The neat layout, raised beds with walkways, and integration of flowers caught the eye of the judges when the Stanley's vegetable garden was featured on the PBS show, "Victory Garden," in 1984.


In 1989, Dr. Stanley took the first step toward sharing his gardening resources with others by setting up Arborcrest Gardens as a non-profit botanical garden. He continued experimenting with different varieties of plants and trees, recording his findings over time.


As he expanded his gardens and database, he began to share his knowledge and recommendations with other gardeners.


Over the years, Dr. Stanley has hired a staff to help him maintain the landscaping and managed various projects around the property, although he did much of the clearing and planting himself. In 2009, he decided to build a trail.

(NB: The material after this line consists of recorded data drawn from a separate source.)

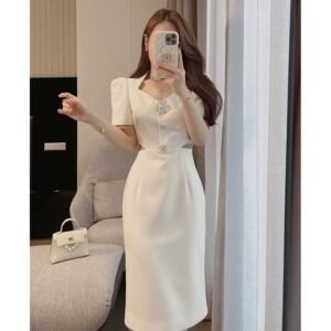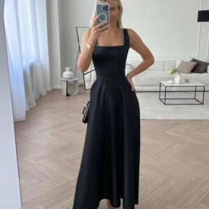 Fashion Retro Waist-controlled Square Collar Large Swing Dress
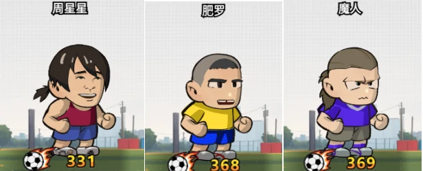 训练赛核心目标是进球,系统送三位前锋:肥罗(巨星)、魔人(巨星)、周星星(明星),选这三位,集中资源提升他们进攻属性,冲刺满星评价。
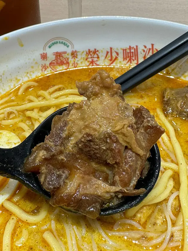 其實榮少喇沙喺屯門開咗之後已經食過好幾次,不過一直因為個賣相太醜而無介紹🫢😂 但呢到嘅喇沙又真係幾出色,而且價錢合理,都幾值得推介!啲相醜少少都唔緊要啦🥹 榮少嘅喇沙湯唔會好稀,味道係椰香味偏重同埋偏濃味嘅,帶少少辣味同香料味,略為油咗少少,但係整體飲落係香濃嘅😛 可以揀配唔同粉麵同餸,我哋落咗單之後見左右兩台都叫咗燒雞,好似幾吸引,下次去要試下先得!!•🥢 軟滑龍脷魚喇沙 $60睇相嘅時候以為係煎魚柳,但上菜先知原來都係炸嘅🙈 龍脷魚係好滑嘅,不過個炸衣可以話係零分😵💫 炸衣表面好油,大部分仲好濕好腍🫠 好似無炸得透咁,但入面嘅魚柳係熱同埋熟嘅🫣 希望只係嗰日廚房失準啦😬麵底就揀咗油麵溝米粉,係無得輸嘅配搭,兩款都好吸湯👍🏼•🥢 豬軟骨喇沙 $50豬軟骨有3大嚿,超級腍,無輪係肉定軟骨都煮到腍晒,好易咬開,而且好入味!😍所以呢到嘅豬軟骨好似都幾出名~ 揀咗喇沙配瀨粉同米粉,不過瀨粉本身比較滑身,唔會掛湯,感覺配喇沙就有啲失色😥•🥢 二人小食拼盤 $32有蝦餅、蝦春卷同雞翼,不過3樣都係炸嘅,炸物有啲太油,蝦餅同蝦春卷都好食嘅,但就細件咗少少,雞翼入面有啲紅,唔知係未熟晒定急凍果陣啲血水😦 …查看更多
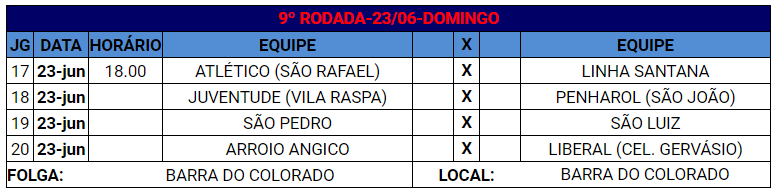 A próxima rodada (9ª) é a última da primeira fase, e será disputada no domingo (dia 23 de junho) na comunidade de Barra do Colorado.
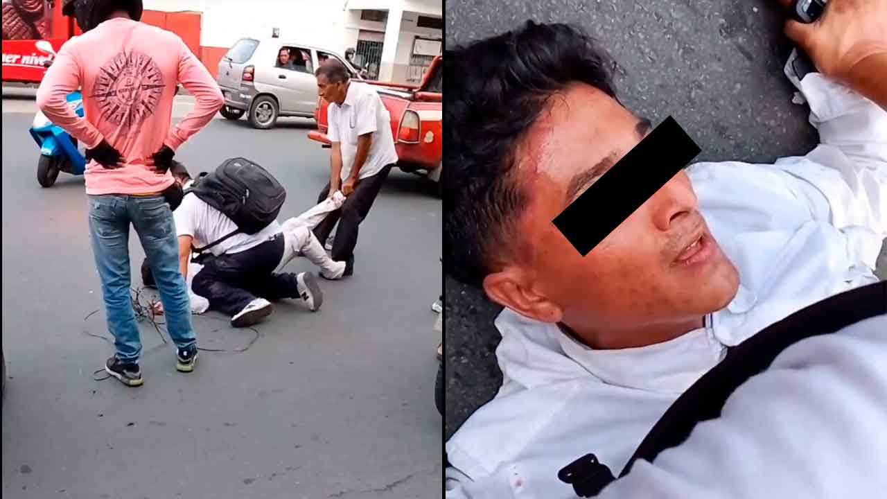 De acuerdo con el material audiovisual difundido en redes sociales, el delincuente se acercó sigilosamente por la espalda al adulto mayor y comenzó a estrangularlo con las manos, presuntamente con la intención de dejarlo inconsciente para despojarlo de sus pertenencias. Sin embargo, transeúntes que se percataron de la agresión reaccionaron de inmediato.
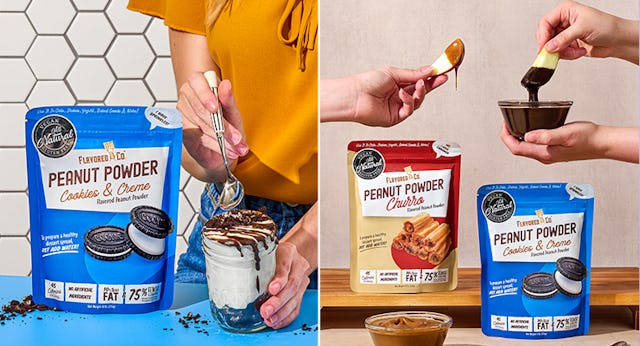 Flavored PB Co. creates peanut powders in a four-step process. First, peanuts sourced from farms are slow-roasted to bring out the nutty flavor. Next, they’re pressed to remove access oils and fats before, third, they’re ground into a fine powder. Finally, the powder is combined with flavorings that are free of artificial dyes and food colorings. At this point, all you have to do is add water to bring it back to a creamy consistency.

The doctor and his staff cleared about 20 acres of land, installed and later paved 2.5 miles of trails, built bridges, and cultivated plant beds. A deer fence was built around the boundary of the gardens to protect plants from hungry wildlife.


Dr. Stanley designs each area, choosing and marking the location for every individual plant. “I love designing, creating,” he said. He estimates he has chosen, purchased and planted or staked off over half a million plants since expanding Arborcrest to its current size.


While he has visited botanical gardens all over the country, Dr. Stanley said his main inspiration was Walt Disney World. “When we visited there, I noticed their landscape designs. The plants were in big sweeps, overlapping, curving and meandering around,” he said.


Dr. Stanley said he sketched some of the designs to use as a springboard for ideas once he returned home. “I knew I couldn’t use the same plants, of course, because they wouldn’t grow in the mountains, but I wanted to create gardens that were as neat and perfect as those at Walt Disney World,” he said.


Arborcrest differs from most other botanical gardens in that it has been conceptualized, designed, funded and managed by one person. Currently, Dr. Stanley spends about 40 – 60 hours a week working in the gardens and managing projects for his staff.


Clearing, planting and refining has been an ongoing process. While open to the public by appointment for many years since its inception, Arborcrest Gardens began welcoming visitors on a regular schedule in 2019, open on Fridays by reservation.